По идее, дверь можно было отпускать и идти по делам. Но я видел её внутри, нервно потряхивающую волосами, собранными в длинный до плеч хвост, и посверкивающей на меня круглыми очками.

Физиогномистом я не был, но почему-то твердо уверился, что эти быстрые кидаемые на меня взгляды означали: «Подожди, не уходи». И я стоял, и как дурак, держал двери, через которые шли люди, косясь на меня. Некоторые благодарили.

Через пять минут она всё же наговорилась и вышла из здания, мельком глянув на меня. Затем тряхнула своим хвостиком, что видимо означало какое-то принятое решение, и не спеша, давая мне шанс ее догнать, пошла по улице той походкой, которая просто не давала никакого иного выбора, как следовать за ней. Ну, вернее, это я сам себе придумал, но девушка была диво как хороша и манила именно странностью нашего знакомства.

Мы перешли дорогу и пошли по улице. Я отрицательно покачал головой Фламинге, которая уже завелась, видя мое приближение.

Пока мы куда-то шли, я пытался трезво оценить происходящее. Почему я решил, что эта изящная невысокая девушка в короткой кожаной куртке, которая давала возможность целиком насладиться обтянутыми джинсами бедрами и чуть, на мой вкус, худыми ногами, желает, чтобы я шел за ней? С чего я вообще это взял? Но хвост уверенно качался в шаге от меня, и я шел за ним как тот осел за морковкой.

Тем временем, мы пришли на автобусную остановку. Молча дождались автобуса, пропустив две маршрутки, и зашли внутрь.

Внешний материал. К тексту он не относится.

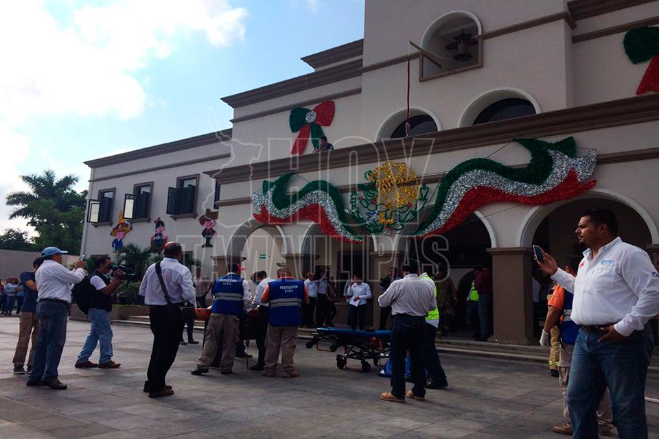 Reynosa, Tamaulipas.- Al celebrarse el Día Nacional de la Protección Civil, en Reynosa al igual que en todo el territorio mexicano, en la Presidencia Municipal se practicó un simulacro de emergencia por parte de la Coordinación de Protección Civil y Bomberos, con el objetivo de analizar el tiempo de reacción de empleados, funcionarios y visitantes del edificio ante una eventualidad.

К тому времени, я уже отобрал у нее тяжелые папки, не встретив никакого сопротивления. Оставалось лишь сокрушаться, что давно не решился на это – как она их вообще тащила? Не тяжелые, но неудобные и норовящие все время выскользнуть. Я все еще оставался позади. Просто стоял за ней и млел, рассматривая шею, плечи, ушки и легкий пушок на краях щек. Она тоже лишь косилась на меня, задевая меня волосами и принимая правила игры. Стояли мы почти вплотную, прижатые другими пассажирами, и я ощущал её тепло, балдея от этого незнакомого ощущения близости к женщине.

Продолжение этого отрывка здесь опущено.